Press Freedom Watchdog Slams Thai Junta’s Media ‘Blitzkrieg’ in Report
2015.11.12
Since the Thai military seized power in a coup 18 months ago, the junta’s obsession with peace and order has led the ruling generals to suppress Thailand’s media under their “reign of terror,” Reporters Without Borders (RSF) says in a new report.
The Paris-based press freedom watchdog on Thursday released a 44-page report, “Media hounded by junta since 2014 coup,” which examines the record and policies of Prime Minister Prayuth Chan-o-cha’s regime toward journalists and news organizations. RSF has also ranked Thailand 134th out of 180 nations on its 2015 World Press Freedom Index.
The “junta has been persecuting the media for the past 18 months, imposing a reign of terror that has included interrogations, arbitrary arrests, a spate of prosecutions and barely veiled threats,” the report states.
The junta’s obsessiveness with peace and order – “or its use as a pretext,” as RSF puts it – “has stripped journalists and independent civil society representatives of the media freedom and freedom of information that they had won at great cost during the previous decade,” the report says.
It points to the government’s strategy of raids on media outlets and arrests of journalists along with mass URL blocking and surveillance of internet users.
“This theft of freedoms that are indispensable to democracy has been perpetrated by the military in full view of the international community, which has not, however, sufficiently decried it,” RSF concludes.
V for victory
One of the report’s chapters documents the persecution of the news website Phuketwan. Journalists Alan Morison and Chutima Sidasathian were acquitted in September on defamation charges brought against them by the Thai navy based on a 41-word excerpt from a Reuters news report, which the website published in July 2013 as part of a report on human trafficking.
“With the whole future of Thailand as a democracy up in the air, it is not a good time for the military to be suing media outlets using oppressive criminal defamation laws,” RSF quoted Morison as saying.
The report’s cover features a photograph of Thai journalist Pravit Rojanaphruk (pictured above) from 2014, his mouth taped shut and hand raised, flashing the victory sign.
Thai authorities took Pravit, a former reporter and columnist for The Nation, into custody again in September and released him two days later after an “attitude adjustment” session. To regain his freedom, Pravit, a frequent critic of the military-led government, had to sign a document in which he agreed not to lead, participate or assist in any anti-coup activities.

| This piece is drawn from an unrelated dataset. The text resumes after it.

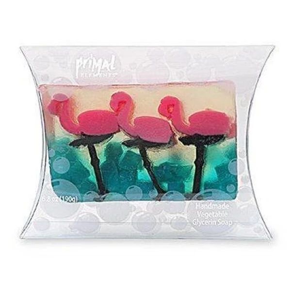 FeaturesClassic deco colors. this bar is laced with bergamot. cedar. linden blossom and flamingos.We take great pride in the soap we produce.All soaps contain vegetable glycerin which moisturizes the skin with a luxurious rich lather that will leave skin feeling silky smooth.eye-catching images make Primal Elements soaps visually unique. while our creative fragrances truly set our products apart.

The report’s conclusion goes so far as to compare Prime Minister Prayuth, a former general whom RSF describes as “capricious,” to North Korean leader Kim Jong-un.
“Like Pyongyang’s dictator, Gen. Prayut[h] has cast himself as the nation’s savior, he appears in his own weekly TV program, and he orders severe sanctions for those who dare to question his legitimacy or criticize his policies.”